Wednesday, November 6

Eating Rats

Several years ago, I spent about a year as the primary food safety instructor for all my employer's units in our region. I was pulling together materials for yet another food safety class when the salmonella- contaminated peanut butter scandal broke.
Not the least bit surprised by the outbreak, I was nonetheless horrified by a casual comment quoted in a national newspaper by an employee of the besieged peanut butter company (who no doubt was quickly quarantined and castigated by the resident PR people when they were alerted to his gaff). He told the journalist, in a somewhat mystified manner, that everyone knows there are rats in the peanuts - but usually the roasting process kills them off.

I couldn't help but think back to that gut-twisting comment when I read that a new study shows that 12% of America's spice imports are contaminated with rodent hair (and by extension, feces).

Researchers suspect that the spices may be responsible for far more salmonella outbreaks that can be proven, in part because food-borne illnesses in general are dramatically under reported (many people attributing their gastric upsets to the flu, or just shrugging it off as part of life and never following up with reporting or the testing necessary for health departments to document the case), and in part because people rarely report spice usage when recounting their diet during research for an outbreak. Think about it - you would report that you had pizza or chicken, perhaps, without ever thinking that the basil or oregano you topped those meals off with could be the cause of your illness.

Do I think that this news is something to panic over? No. Realistically speaking, we consume spices in such small quantities that their potential for negative health consequences is a very small threat compared to many of the other food-system atrocities we also currently face. Furthermore, from a strictly practical standpoint, there are many spices that cannot be reliably grown in the U.S., and the production/distribution chains for them are impossibly difficult to trace, regulate and hold accountable. That kind of time and effort is simply not practical when there are so many bigger, more serious issues to address.

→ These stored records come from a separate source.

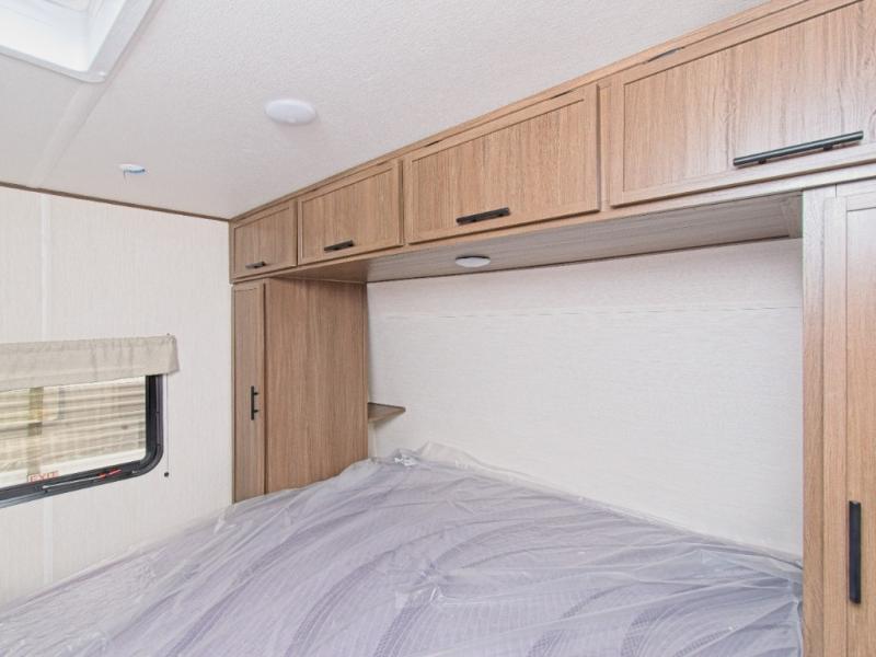 Retreat to your private master bedroom with a walk-around Camp-King bed, dual wardrobes, and direct access to the bathroom. Outside, enjoy the power awning with LED lighting, solid entry steps, and pass-through storage for all your camping essentials. The outdoor mini fridge keeps drinks within reach, and the leash latch ensures your pet stays safe while you relax.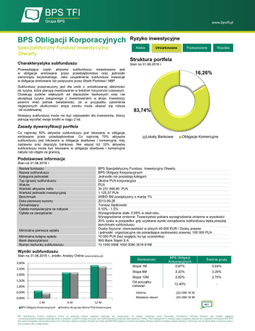 BPS Obligacji Korporacyjnych Specjalistyczny Fundusz Inwestycyjny Otwarty Ryzyko inwestycyjne Niskie Podwyższone Umiarkowane Wysokie Struktura portfela Charakterystyka subfunduszu Stan na 31.08.2016 r. Przeważająca część aktywów subfunduszu inwestowana jest w obligacje emitowane przez przedsiębiorstwa oraz jednostki samorządu terytorialnego. Jako uzupełnienie subfundusz inwestuje w obligacje emitowane lub poręczone przez Skarb Państwa i NBP. Subfundusz przeznaczony jest dla osób o umiarkowanej skłonności do ryzyka, które planują inwestowanie w średnim horyzoncie czasowym. Oczekują zysków większych od depozytów bankowych oraz nie akceptują ryzyka związanego z inwestowaniem w akcje. Inwestorzy powinni mieć jednak świadomość, że w przypadku zaistnienia negatywnych okoliczności stopa zwrotu może okazać się niższa od oczekiwanej. 16,26% 83,74% Niniejszy subfundusz może nie być odpowiedni dla inwestorów, którzy planują wycofać swoje środki w ciągu 2 lat. Zasady dywersyfikacji portfela Co najmniej 50% aktywów subfunduszu jest lokowane w obligacje emitowane przez przedsiębiorstwa. Co najmniej 70% aktywów subfunduszu jest lokowane w obligacje skarbowe i komercyjne, listy zastawne oraz depozyty bankowe. Nie więcej niż 33% aktywów subfunduszu może być lokowane w obligacje skarbowe i komercyjne nabyte lub objęte za granicą. Lokaty Bankowe Obligacje Komercyjne Podstawowe informacje Stan na 31.08.2016 r. Nazwa funduszu Nazwa subfunduszu Kategoria jednostek Typ (grupa) subfunduszu Waluta Wartość aktywów netto Wartość jednostki inwestycyjnej Benchmark Data pierwszej wyceny Zarządzający Opłata manipulacyjna za nabycie Opłata za zarządzanie Minimalna pierwsza wpłata Minimalna kolejna wpłata Bank depozytariusz Numer rachunku subfunduszu BPS Specjalistyczny Fundusz Inwestycyjny Otwarty BPS Obligacji Korporacyjnych Jednostki nie posiadają kategorii Dłużne PLN korporacyjne PLN 34 231 946,65 PLN 1 125,57 PLN WIBID 6M powiększony o marżę 1% 2013-09-26 Tomasz Sędkowski 0,10% - 1,5% Wynagrodzenie stałe: 0,95% w skali roku Wynagrodzenie zmienne: Towarzystwo pobiera wynagrodzenie zmienne w wysokości 20% zysku w przypadku gdy uzyskane wyniki zarządzania subfunduszu będą powyżej benchmark subfunduszu Osoby fizyczne: równowartość w złotych 40 000 EUR / Osoby prawne i jednostki organizacyjne nie posiadające osobowości prawnej: 100 000 PLN 10 000 PLN (bez względu na typ uczestnika) ING Bank Śląski S.A. 13 1050 0086 1000 0090 3018 8198 Wyniki subfunduszu Stan na 31.08.2016 r., źródło: Analizy Online (www.analizy.pl) Średnia grupy Stopa 1M BPS Obligacji Korporacyjnych 0,67% Stopa 6M 2,22% 2,20% Stopa 12M Od początku notowań 2,82% 2,70% 12,40% - Rentowność 3,00% 2,50% 2,00% 1,50% 1,00% Agent Transferowy ProService AT Sp. z o. o. 0,50% Infolinia (22) 588 18 92 0,00% Składanie zleceń (22) 588 18 95 1M BPS Obligacji Korporacyjnych 6M 0,44% 12 M Średnia dla grupy dłużne PLN korporacyjne BPS Specjalistyczny Fundusz Inwestycyjny Otwarty nie gwarantuje realizacji osiągnięcia założonego celu inwestycyjnego, ani realizacji określonego wyniku finansowego. Przedstawione informacje finansowe mają charakter poglądowy i nie stanowią gwarancji osiągnięcia podobnego wyniku w przyszłości. Uczestnik Funduszu musi liczyć się z możliwością utraty przynajmniej części wpłaconych środków. Przed przystąpieniem do inwestycji należy szczegółowo zapoznać się z prospektem informacyjnym BPS SFIO, który zawiera szczegółowy opis czynników ryzyka, oraz z informacją o opłatach i prowizjach. Prospekt oraz Tabela opłat BPS SFIO dostępne są na stronie www.bpstfi.pl. Niniejszy materiał ma charakter wyłącznie reklamowy i informacyjny oraz nie stanowi oferty w rozumieniu Ustawy z dnia 23 kwietnia 1964 r. Kodeks Cywilny.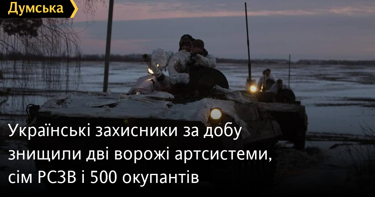 500 осіб, дві артсистеми та сім РСЗВ втратили окупанти в Україні за минулу добу.
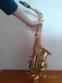 Nella custodia, oltre al sax, allego anche delle ance nuove di zecca mai utilizzate, una tracolla e degli stracci fatti apposta per pulire lo strumento.

This news does, however, renew my determination to grow as many of my own herbs as I can next summer and to supplement my stock wherever possible with locally-grown options. There's nothing I can do about the cinnamon I buy, except to purchase from reliable (preferably organic) companies and trust that they are doing all they can to ensure quality. But so many every-day spices from oregano and basil to thyme and red pepper flakes are cheap and easy to make myself - as long as I plan ahead. So as we head toward winter and begin planning for next year's gardens, will you consider joining me in going a few herbs of your own? Every step, no matter how small, towards healthy diets and food independence is powerful and so, so worthwhile!